5.9The assessment involved the following:
- review of relevant documents provided by the ADHA
- fieldwork, which included in virtual interviews of key members of staff through videoconferencing platforms on 31 July 2023.
Reporting
5.10 The OAIC publishes final assessment reports in full, or in an abridged version, on its website. All or part of an assessment report may be withheld from publication due to statutory secrecy provisions, privacy, confidentiality, security or privilege. This report has been published in full.
Assumptions and Caveats
5.11 This report is not an endorsement of the my health app by the OAIC, or any other ADHA or Chamonix product or service.
Part 6: Appendices
Appendix A – Privacy risk guidance
Privacy risk rating | Entity action required | Likely outcome if risk is not addressed |
---|---|---|
High risk Entity must, as a high priority, take steps to address mandatory requirements of Privacy and related legislation | Immediate management attention is required This is an internal control or risk management issue that if not mitigated is likely to lead to the following effects |
|
Medium risk Entity should, as a medium priority, take steps to address Office expectations around requirements of Privacy and related legislation | Timely management attention is expected This is an internal control or risk management issue that may lead to the following effects |
|
Low risk Entity could, as a lower priority than for high and medium risks, take steps to better address compliance with requirements of Privacy and related legislation | Management attention is suggested This is an internal control or risk management issue, the solution to which may lead to improvement in the quality and/or efficiency of the entity or process being assessed |
|
[1] The ADHA has advised that the my health app is intended to be a Digital Health app, not simply an MHR app. The my health app’s functionality is intended to expand to include additional non-MHR functionality, such as the functionality to store electronic prescriptions, and access and manage Active Script List.
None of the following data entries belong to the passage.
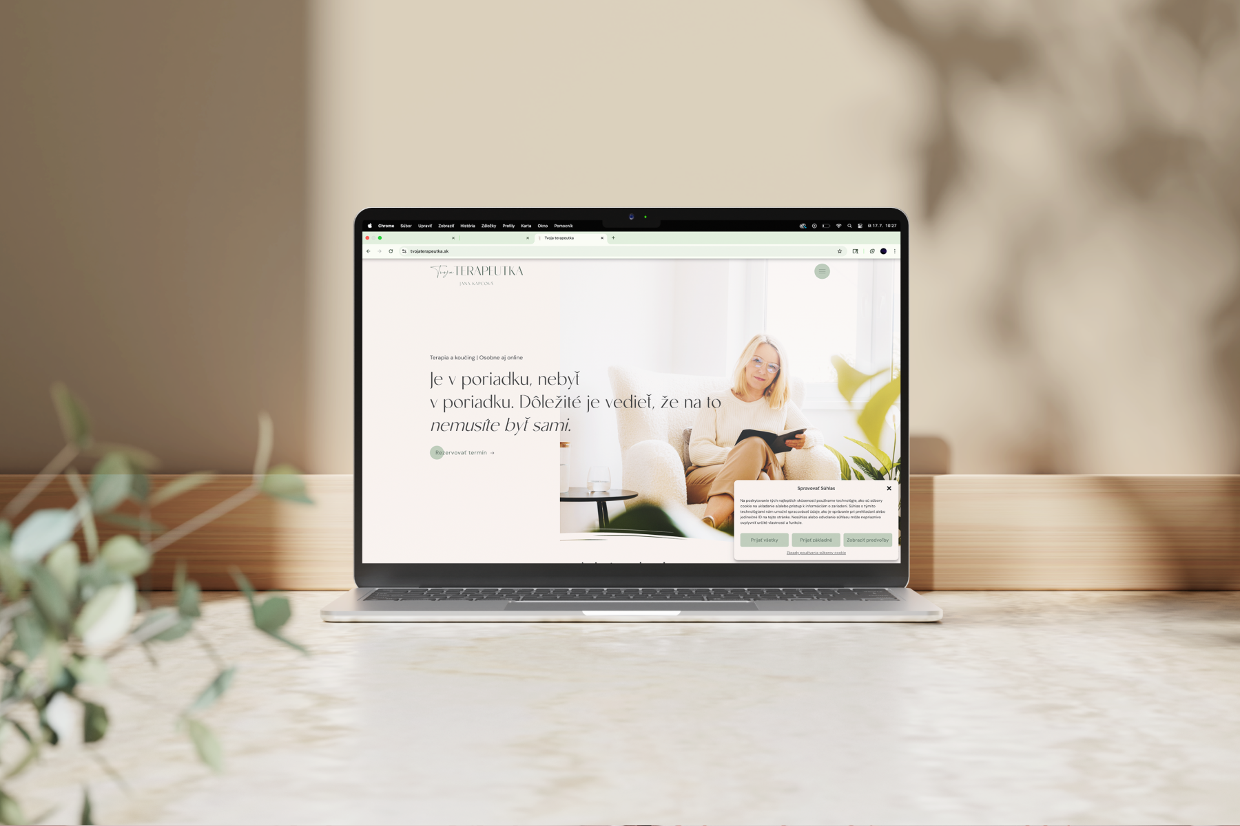 Zvolili sme názov Tvoja Terapeutka – blízky, silný pre SEO a s dostupnou doménou. Vizuálna identita čerpá z prírody, tepla a jemnosti.
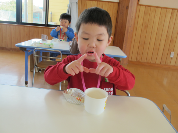 3月の幼児組の誕生会です。修了式直前の実施となりました。背景は修了式の装飾です。一層雰囲気ある誕生会となりました。
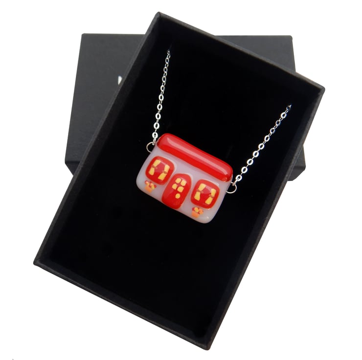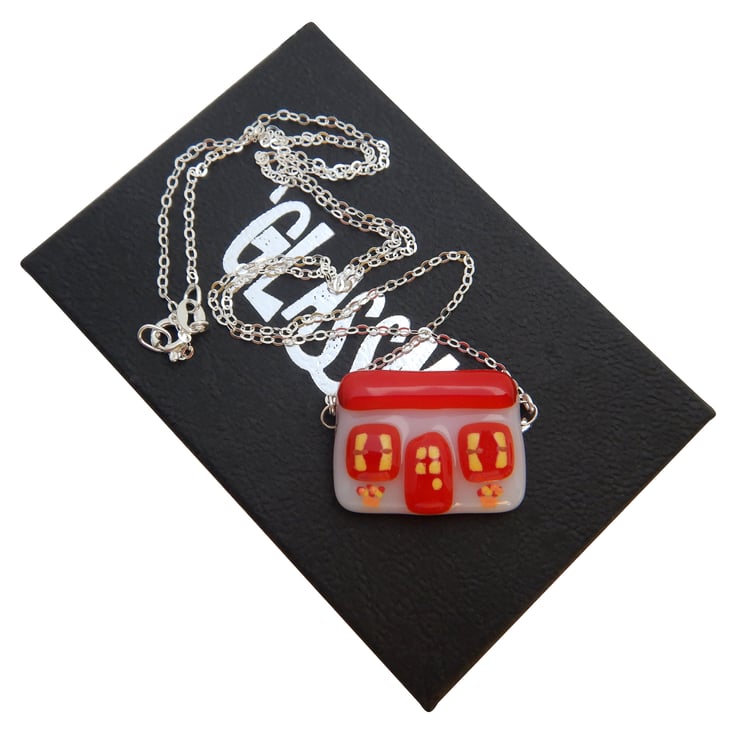 Handmade fused glass 'Cottage' pendant. Supplied with a solid '925' Sterling Silver 18.5" (Princess) chain, and is packaged in a black & silver GLASSMAD presentation box.
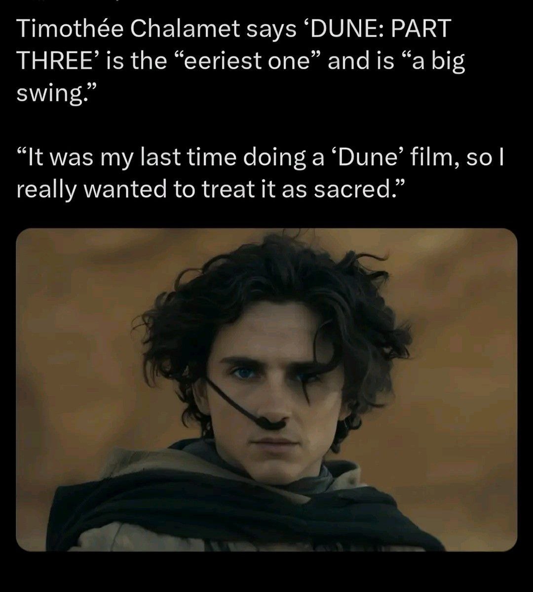 Тимоти Шаламе рассказал, что лента Дюна 3 (Dune 3) - "вышла самой жуткой и грандиозной
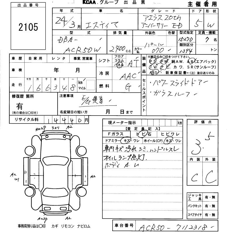 TOYOTA ESTIMA - лот 2105
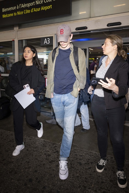 Mike Faist przybywa na lotnisko w Nicei podczas 77. Międzynarodowego Festiwalu Filmowego w Cannes
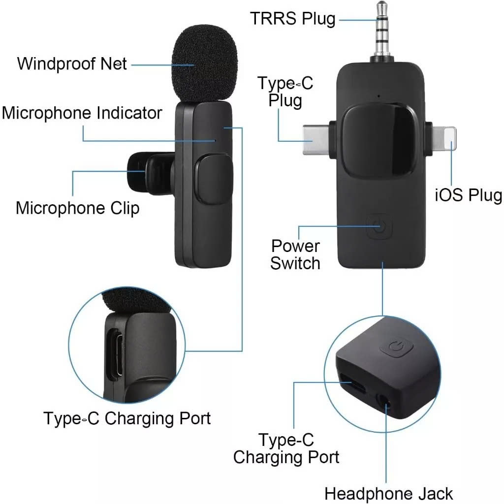 ✨Micro Thu Âm Cài Áo Không Dây 2 Mic 3 Trong 1 Cho Điện Thoại (Android Cổng Type C – Iphone IOS Cổng Lightningg) Máy Tính Bảng PC Laptop Máy Ảnh (Jack 3.5) Loa Smartphone Lọc Tiếng Ồn Xa 20m Quay Video Tiktok Livestream Review Vlog Youtube – Hàng Nhập Khẩu
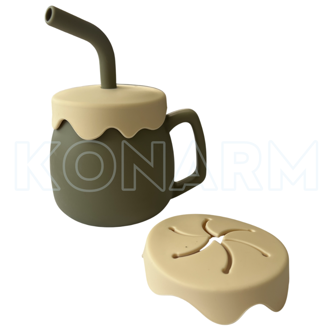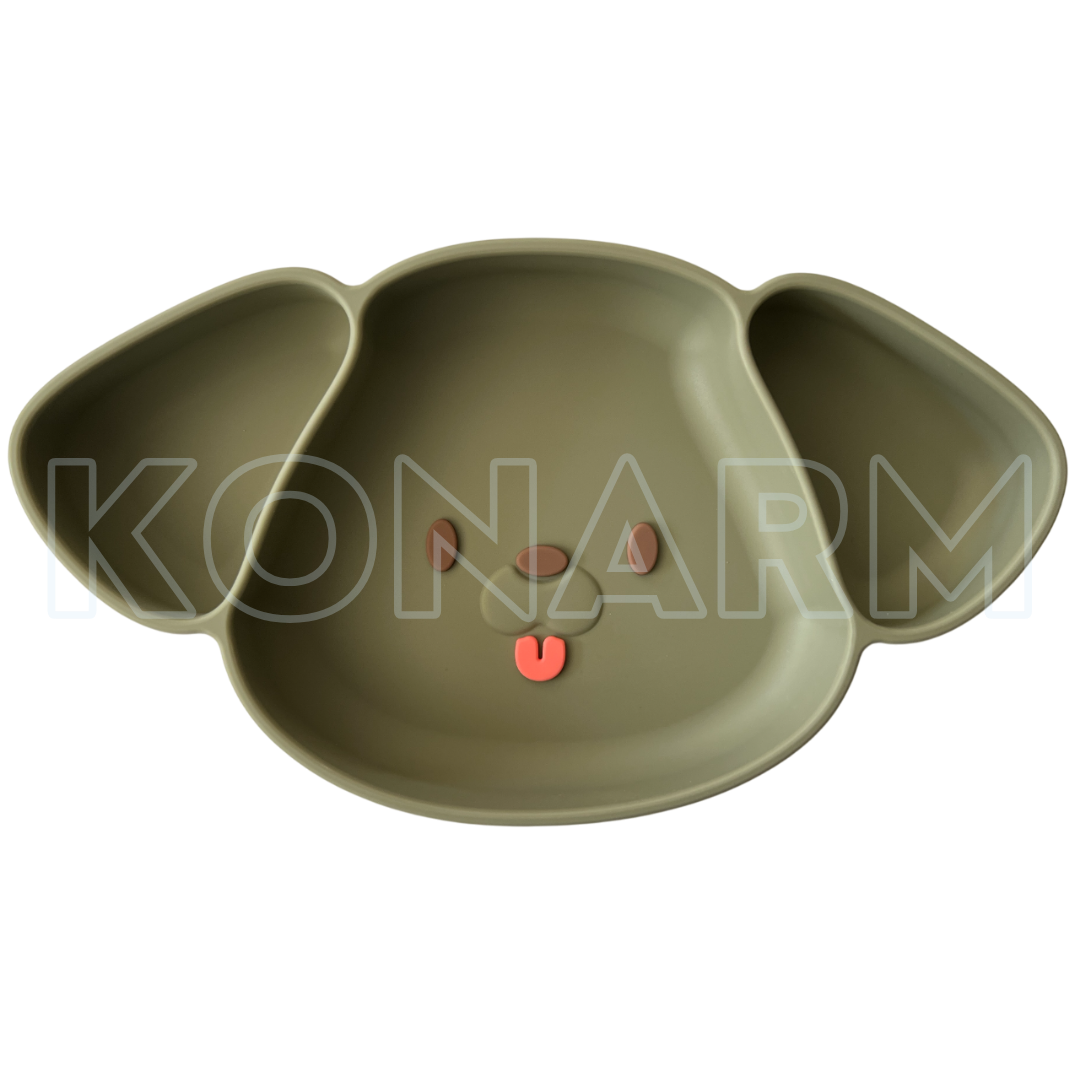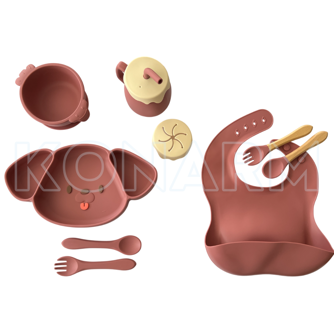 Un completo kit con babero, plato, bowl, vaso con tapa, cuchara y tenedor, todos con diseño de carita de perrito. Ideal para bebés a partir de los 6 meses.

[3] As of 7 February 2023.
[4] An IRAP assessment is an independent assessment of the implementation, appropriateness and effectiveness of a system's security controls.
[5] For information about the operation of MyGov and the way MyGov handles personal information, consult the MyGov Privacy Notice: myGov privacy notice.
[6] Section 6(1) Privacy Act.
[7] See chapter 3, paragraph 3.5 of the OAIC’s APP guidelines.
[8] Please see the Australian Privacy Principles for full version.